■ YOUR TASK ■
In the entries below, find the line with "Слайд 6ШАГ 2: Рисуем" and the line with "网文来自网友原文翻译投稿,所有言论皆不代表本站立场 | 本文文字/图片来自网络,侵删"; reproduce those two lines and all lines between them exactly, without pictures.
BEGIN INPUT DATA
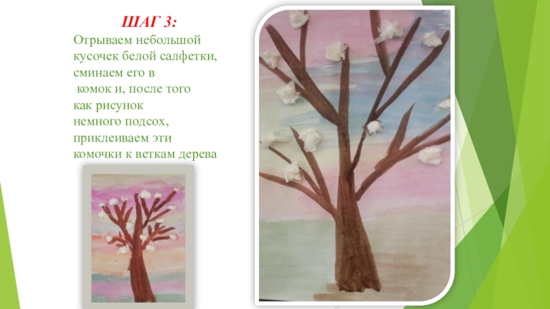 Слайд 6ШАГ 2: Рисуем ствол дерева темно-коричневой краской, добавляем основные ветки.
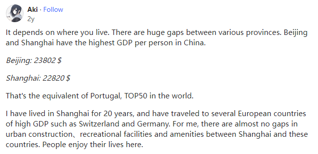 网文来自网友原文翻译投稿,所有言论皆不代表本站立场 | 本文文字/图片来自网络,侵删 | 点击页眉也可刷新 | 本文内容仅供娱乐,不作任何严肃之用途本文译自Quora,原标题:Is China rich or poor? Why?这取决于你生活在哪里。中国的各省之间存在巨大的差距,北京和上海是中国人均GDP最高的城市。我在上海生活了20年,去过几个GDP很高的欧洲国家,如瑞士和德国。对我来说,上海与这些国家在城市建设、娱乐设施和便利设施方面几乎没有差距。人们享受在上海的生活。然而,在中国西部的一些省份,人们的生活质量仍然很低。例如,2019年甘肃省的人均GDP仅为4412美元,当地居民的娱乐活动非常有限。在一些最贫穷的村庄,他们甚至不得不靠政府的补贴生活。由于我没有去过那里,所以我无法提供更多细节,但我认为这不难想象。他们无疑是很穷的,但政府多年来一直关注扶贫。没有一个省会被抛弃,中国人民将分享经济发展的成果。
END INPUT DATA
BEGIN INPUT DATA
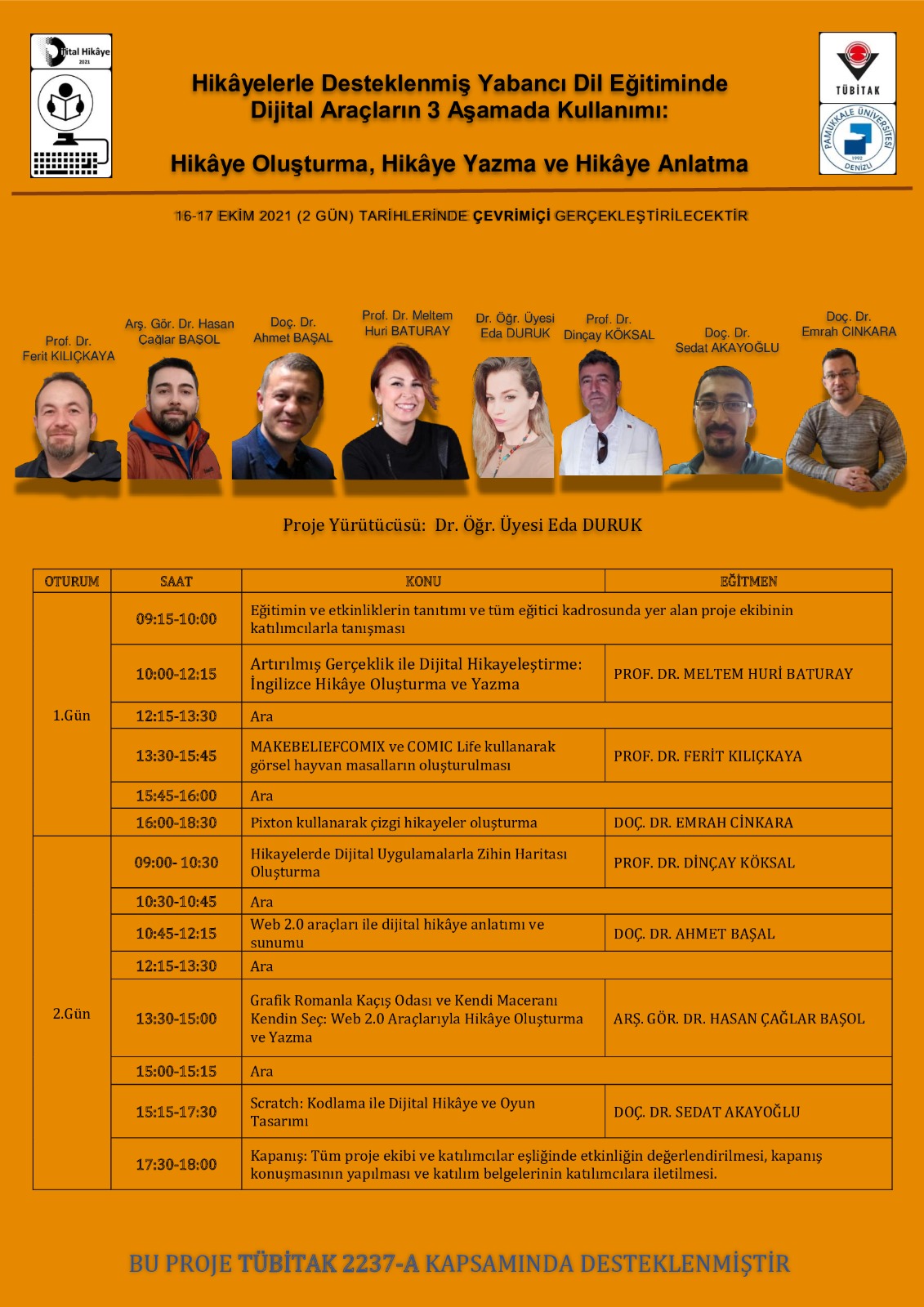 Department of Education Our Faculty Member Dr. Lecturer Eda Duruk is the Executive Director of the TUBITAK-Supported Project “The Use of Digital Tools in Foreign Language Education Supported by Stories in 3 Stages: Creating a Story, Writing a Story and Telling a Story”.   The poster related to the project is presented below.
END INPUT DATA
■ OUTPUT OF THE TASK ■
 Слайд 6ШАГ 2: Рисуем ствол дерева темно-коричневой краской, добавляем основные ветки.
 网文来自网友原文翻译投稿,所有言论皆不代表本站立场 | 本文文字/图片来自网络,侵删 | 点击页眉也可刷新 | 本文内容仅供娱乐,不作任何严肃之用途本文译自Quora,原标题:Is China rich or poor? Why?这取决于你生活在哪里。中国的各省之间存在巨大的差距,北京和上海是中国人均GDP最高的城市。我在上海生活了20年,去过几个GDP很高的欧洲国家,如瑞士和德国。对我来说,上海与这些国家在城市建设、娱乐设施和便利设施方面几乎没有差距。人们享受在上海的生活。然而,在中国西部的一些省份,人们的生活质量仍然很低。例如,2019年甘肃省的人均GDP仅为4412美元,当地居民的娱乐活动非常有限。在一些最贫穷的村庄,他们甚至不得不靠政府的补贴生活。由于我没有去过那里,所以我无法提供更多细节,但我认为这不难想象。他们无疑是很穷的,但政府多年来一直关注扶贫。没有一个省会被抛弃,中国人民将分享经济发展的成果。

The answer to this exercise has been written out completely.